_DATASET EXTRACT_:
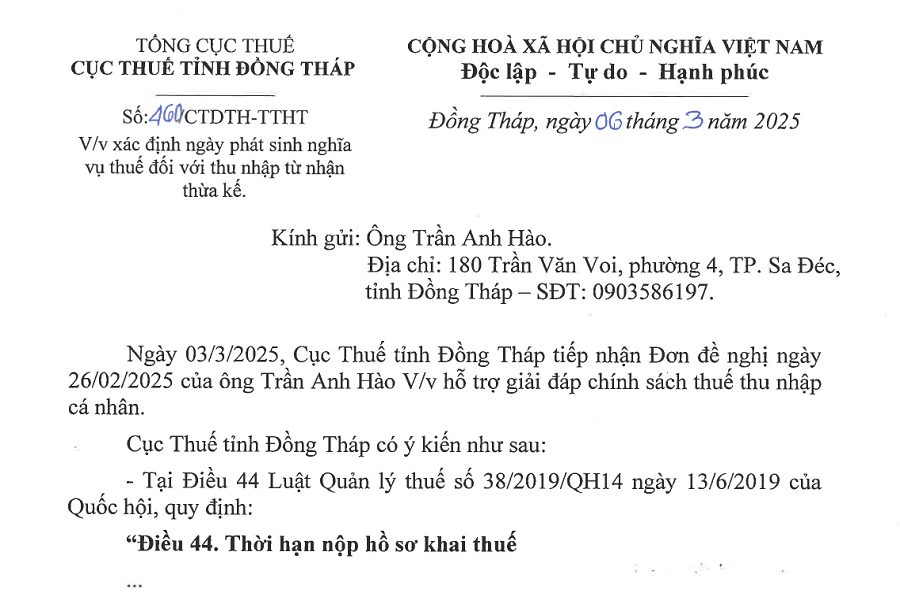 TỔNG CỤC THUẾ CỤC THUẾ TỈNH ĐỒNG THÁP Số: 460/CTDTH-TTHT V/v xác định ngày phát sinh nghĩa vụ thuế đối với thu nhập từ nhận thừa kế. CỘNG HOÀ XÃ...
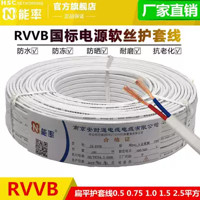 Pure copper RVVB2 core white sheathed wire Cable BVVB2 core 05 0 75 1 1 5 2 5 square power cord
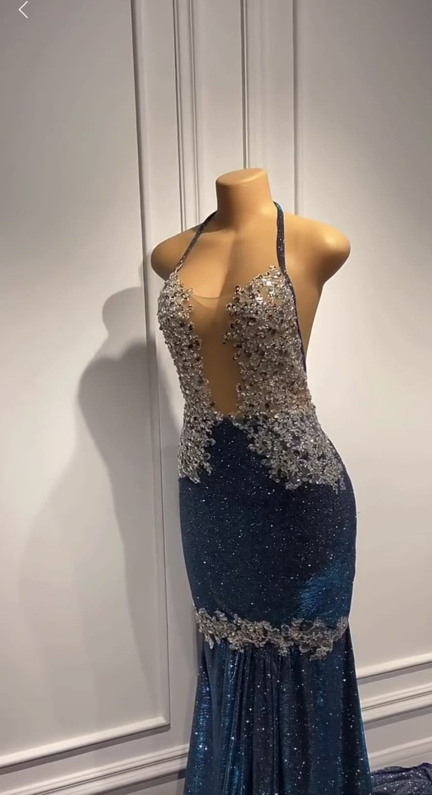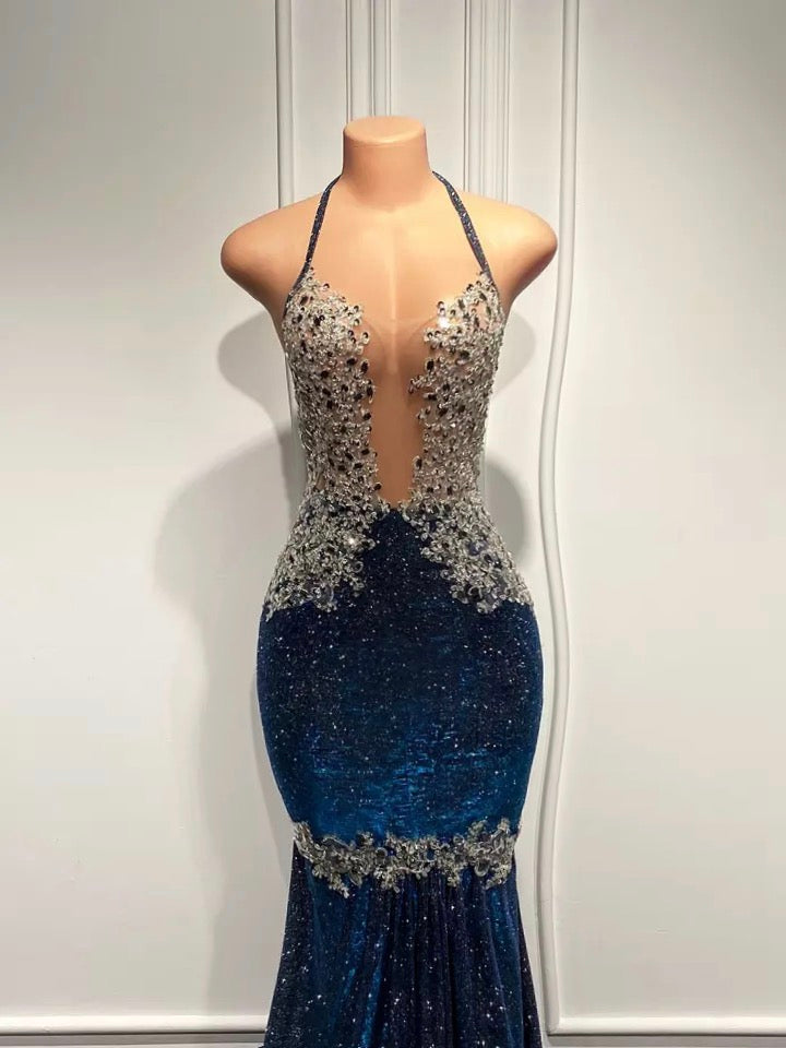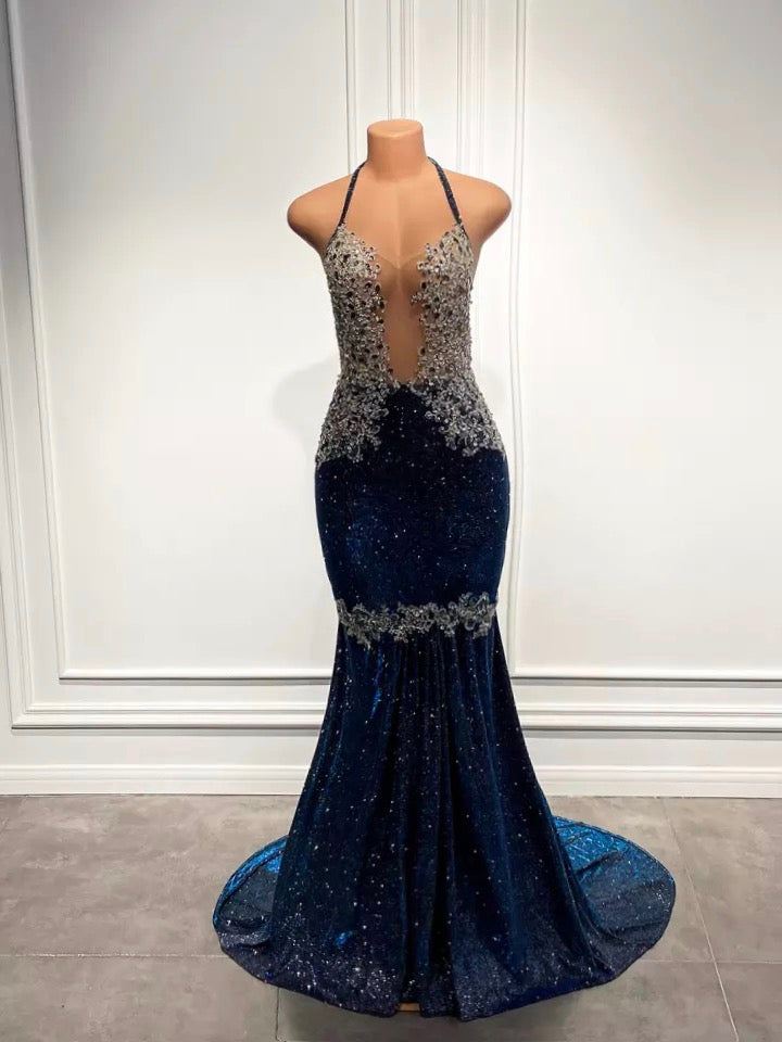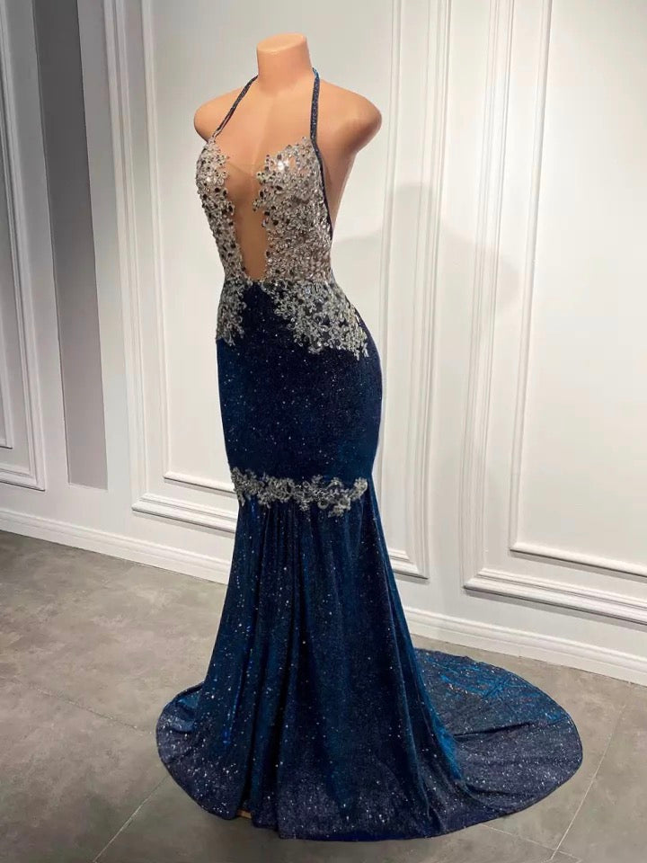 Long Prom Dresses 2022 Sparkly Sexy Mermaid Halter Glittery Beaded Lace African Women Black Girl Navy Blue Prom Party Gowns
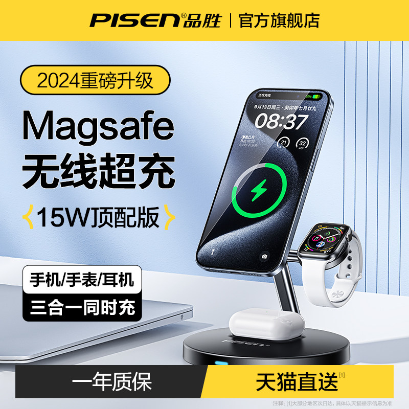 品胜三合一无线充电器适用苹果15快充底座Magsafe磁吸iPhone14手机充电座iWatchS9手表支架airpods耳机Ultra
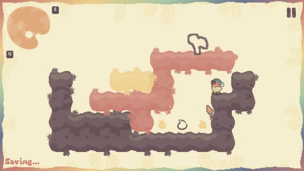 Mais un joli jeu ne fait pas nécessairement un bon jeu. C’est là que le gameplay entre en scène avec une proposition intrigante : le pinceau chromatique. Contrairement à un Chicory où l’on colorie pour le plaisir visuel, ici la couleur a une fonction physique tangible. La mécanique de la démo repose sur un principe de « poids » des couleurs. Appliquer une teinte claire peut faire léviter un objet, tandis qu’une couleur sombre l’alourdira, le faisant s’écraser au sol ou activer un mécanisme de pression. C’est malin, intuitif, et cela ouvre la porte à des puzzles logiques qui dépassent le simple « trouver la clé pour ouvrir la porte ». Le level design entrevu dans cette version d’essai joue intelligemment avec cette verticalité, forçant le joueur à observer son environnement non plus comme un obstacle figé, mais comme une toile malléable.
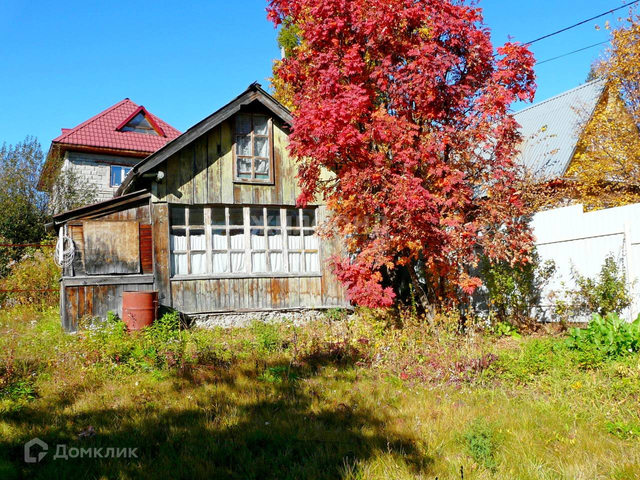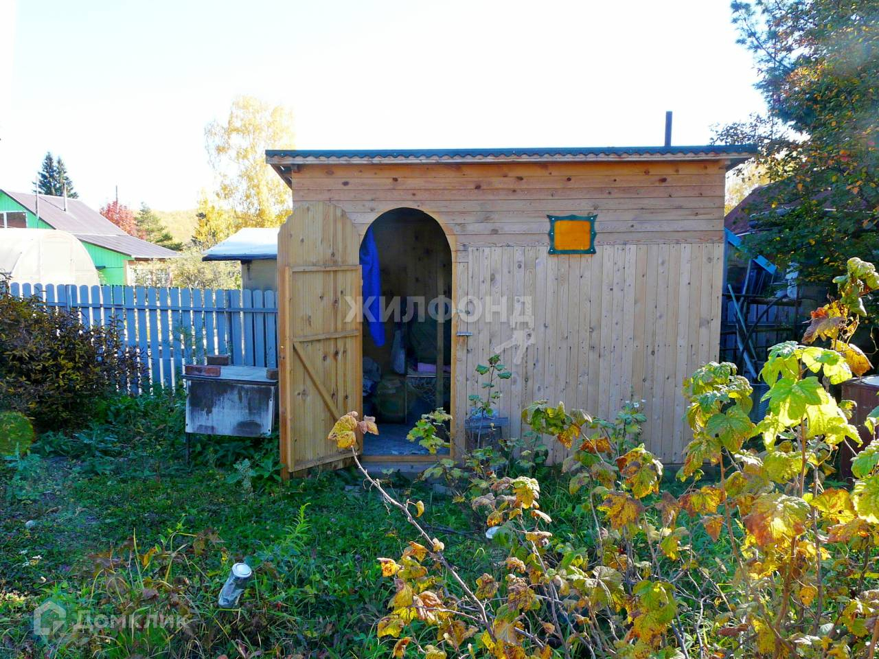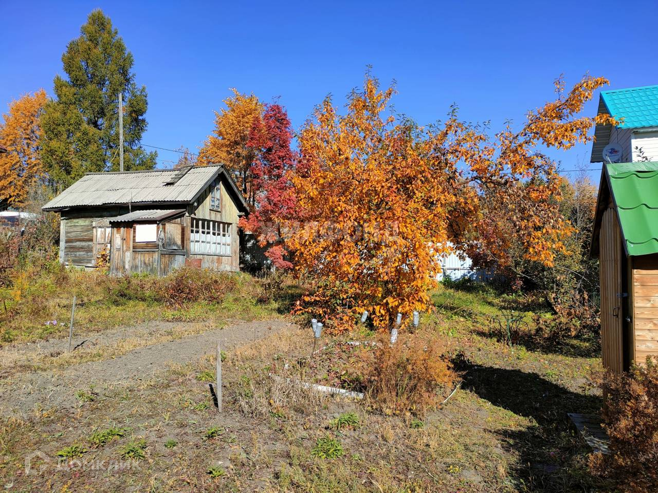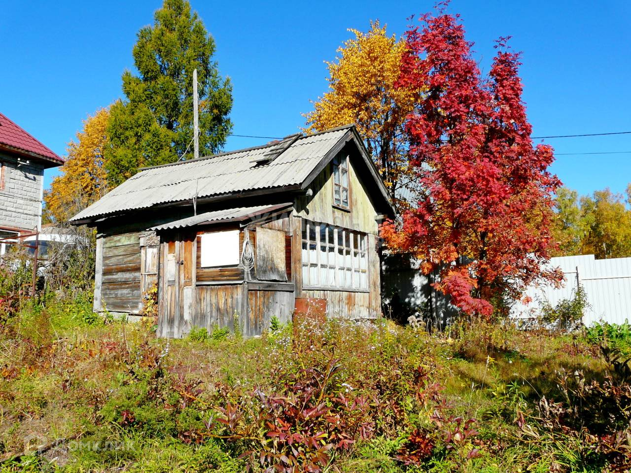На участке старый домик. Если перестелить пол и подремонтировать крышу, то временно можно жить. Новая бытовка 2021 года постройки (2х3 м, внутри кухонные шкафчики). Уличный туалет 2020 года постройки (практически не пользовались). Забор из профнастила 2016 года постройки, есть ворота для машины.
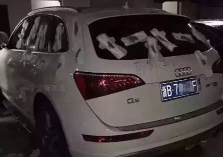 寧波之前就有女友因為氣男友沒回家,於是用衛生棉貼滿車子,而現在當地也有類似事件傳出,但是這輛中招的白色奧迪Q5狀況有些不同,那就是這次的衛生棉全部都是「用過的」,而且車子上還被寫字,「給不了她婚紗,就不要脫褲子。」
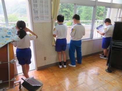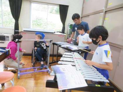 5/19 5・6年生 ひまわり学級 公開日 2023/05/19 更新日 2023/05/19 各学年から 5・6年生 ひまわり学級 音楽科の授業の様子です。 「星空はいつも」の歌唱と合奏の学習です。演奏する子と歌う子に分かれて、練習をしていました。歌唱は学習用タブレットも活用しながら、きれいな声で歌っていました。演奏は、楽譜をよく見て、リズムよく叩けるように練習していました。曲の雰囲気を感じながら、楽しそうに取り組んでいました。
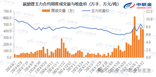 近期碳酸锂行情主要受市场情绪驱动,宜春锂矿复产后,市场担忧供应端减产不及预期,以及海外进口增量对供应缺口形成补充,市场情绪有所回落,投机资金平仓主导盘面走势。然而从基本面来看,计入宜春复产及海外矿石进口增量,虽供需缺口或有所收窄,但三季度仍维持去库预期。本周碳酸锂周度产量环减800吨,周度库存环减700吨。供应端仍存在较大不确定性,江西、青海部分项目停产风险犹在。需求端处于三季度传统旺季,本周价格下跌后下游采购量较上周显著增加,需求韧性对市场形成支撑。短期碳酸锂行情预计保持宽幅震荡,下方7.5万元有强支撑,上方压力位8.5万元,操作上可关注逢低试多的机会。
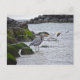 Postal "Great Blue Heron and Brown Pelican" de Catherine Sherman. Una gran garza azul se alza cerca de las rocas de las mezquitas cerca de Pelican Point, en la isla de Dauphin, Alabama. Al fondo, un pelícano marrón se traga un pez. Más allá del pelícano hay un cormorán de doble cresta. Isla Dauphin es una isla de barrera situada en la desembocadura de Mobile Bay en el Golfo de México.
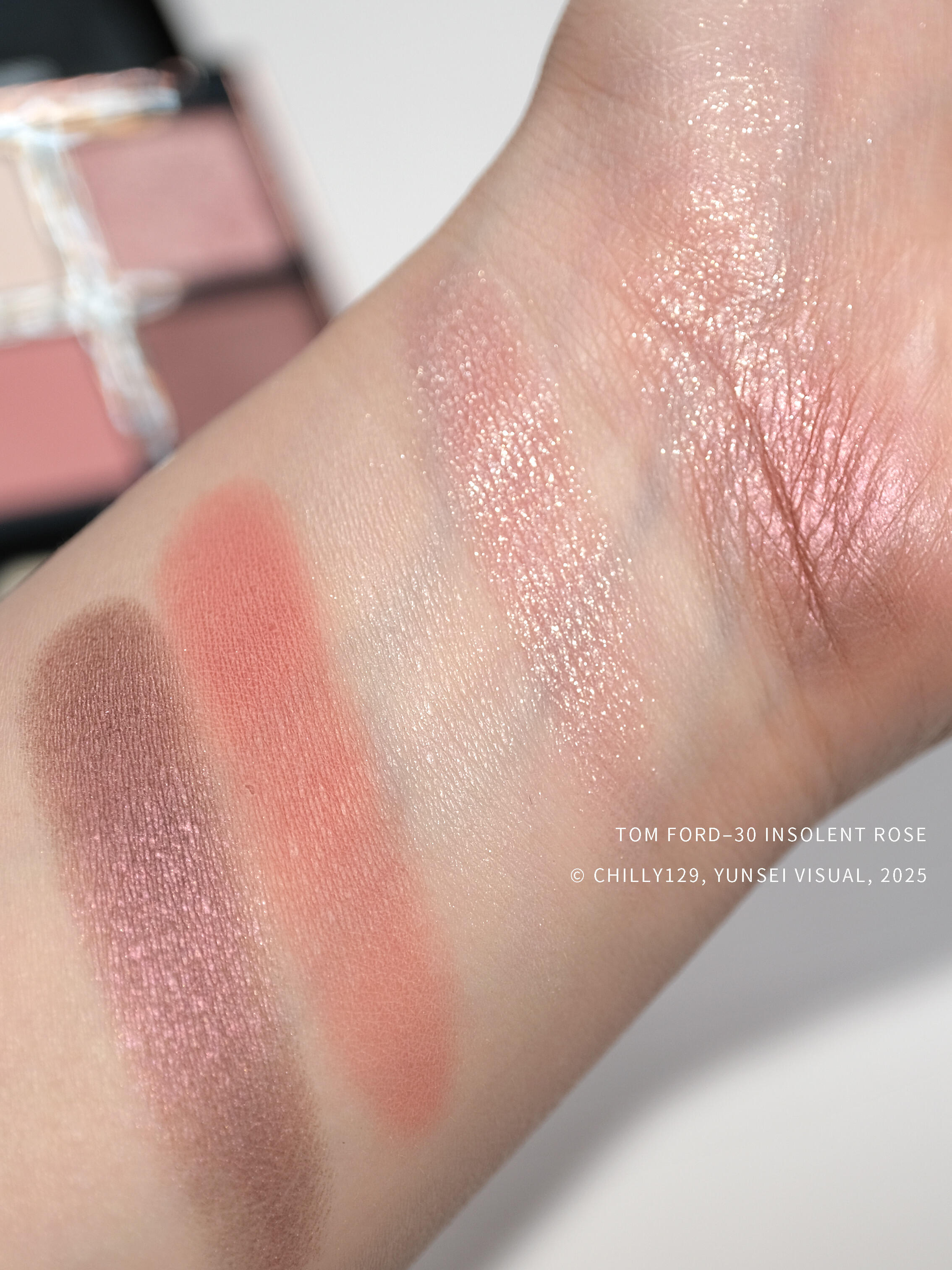 30岁 正是重新爱上粉色的年纪|TF30+圣诞01 ◾️TF30 Insolent Rose 孤傲玫瑰 赶在明年即将版本更新前入手,对我来说集邮>实用。这盘推出至今我在专柜摸过许多次。每次刷美女repo种草,试色后又冷静拔草。真正入手磨合后,依然保留意见。 它看起来比01冷,但由于↙️粉色品控不稳,上眼粉嫩感完全看运气。而我这盘是新批号,上眼过于燥热臃肿。本人中性长相+肿眼皮+让粉色眼影红上加红的偏粉肤色,各种debuff叠在一起,整个“粉娇你几”,只有“玫瑰”,毫无“孤傲”。 原本寄希望↘️粉紫能挽回眼妆,但它显色偏弱,紫调底色被珠光压得干干净净,上眼就是一片粉光。于是莫名其妙地,它在我脸上的效果反而不如看似偏暖的圣诞01。 理解它受众广泛、画好了嫩十岁,但不是我的风格。 ◾️TF01 Chalet Mink 霜降盘 和TF30完全相反。抱着集邮心态挖到宝。核心原因还是老生常谈的:深色够深而且不红。当我看到眼线色能慢慢叠出浓郁醇厚紫色调,就知道这波稳了。再搭配眼线加深大法,整盘上眼像一锅在雪地里咕噜冒泡、并且折射出冬日刚升起太阳的热红酒。 ◾️TF01 Chalet Mink 霜降盘 和TF30完全相反。抱着集邮心态挖到宝。核心原因还是老生常谈的:深色够深而且不红。当我看到眼线色能慢慢叠出浓郁醇厚紫色调,就知道这波稳了。再搭配眼线加深大法,整盘上眼像一锅在雪地里咕噜冒泡、并且折射出冬日刚升起太阳的热红酒。 ↖️略深的橡皮粉,无面粉感,完全融肤贴肤。粉质感觉比秀场系列又进步了一些。重申一下,去掉滑石粉辅助,依旧做得比老版哑光显色贴皮,不管怎么说都是值得称道的。大品牌的研发力在这一刻得以具象化。 ↗️闪片,粉香槟底搭配银粉细闪,层次感优秀,一个单色能画出底色+前前后后细密小闪的效果,跟随角度水波流转。许愿下版本亮片就在它基础上增加一些大闪层次。 ↙️对冷皮来说还是暖,建议不要和其他3色混用。不过它是带点收敛感的粉,反而比30的粉要百搭。只要不是太冷粉、太冷绿的皮,依旧可正常使用。 配色貌似保守,实则改掉了以往TF粉色系盘子的不少缺点。没买过TF粉盘的建议搞;TF暖色连号选手建议观望;收藏党请买,目测改版前白盘收官之作,这也是我想集邮它的最大原因。 说到底,我其实没有真正爱上粉色。觉得01好画,是因为它既有足够深的深色,又配了个偏冷耐看的细珠光。整体看来,TF在23-24年因改配方、换老板而迷茫了一阵,现在能感到它逐渐找回审美与质感。期待明年的新系列。 |

_TASK ITEM_: What you give back must match the lines from the start of the records through the line that contains "Mais un joli", exactly, with the pictures left out.

_FINISHED TASK_:
 TỔNG CỤC THUẾ CỤC THUẾ TỈNH ĐỒNG THÁP Số: 460/CTDTH-TTHT V/v xác định ngày phát sinh nghĩa vụ thuế đối với thu nhập từ nhận thừa kế. CỘNG HOÀ XÃ...
 Pure copper RVVB2 core white sheathed wire Cable BVVB2 core 05 0 75 1 1 5 2 5 square power cord
 Long Prom Dresses 2022 Sparkly Sexy Mermaid Halter Glittery Beaded Lace African Women Black Girl Navy Blue Prom Party Gowns
 品胜三合一无线充电器适用苹果15快充底座Magsafe磁吸iPhone14手机充电座iWatchS9手表支架airpods耳机Ultra
 Mais un joli jeu ne fait pas nécessairement un bon jeu. C’est là que le gameplay entre en scène avec une proposition intrigante : le pinceau chromatique. Contrairement à un Chicory où l’on colorie pour le plaisir visuel, ici la couleur a une fonction physique tangible. La mécanique de la démo repose sur un principe de « poids » des couleurs. Appliquer une teinte claire peut faire léviter un objet, tandis qu’une couleur sombre l’alourdira, le faisant s’écraser au sol ou activer un mécanisme de pression. C’est malin, intuitif, et cela ouvre la porte à des puzzles logiques qui dépassent le simple « trouver la clé pour ouvrir la porte ». Le level design entrevu dans cette version d’essai joue intelligemment avec cette verticalité, forçant le joueur à observer son environnement non plus comme un obstacle figé, mais comme une toile malléable.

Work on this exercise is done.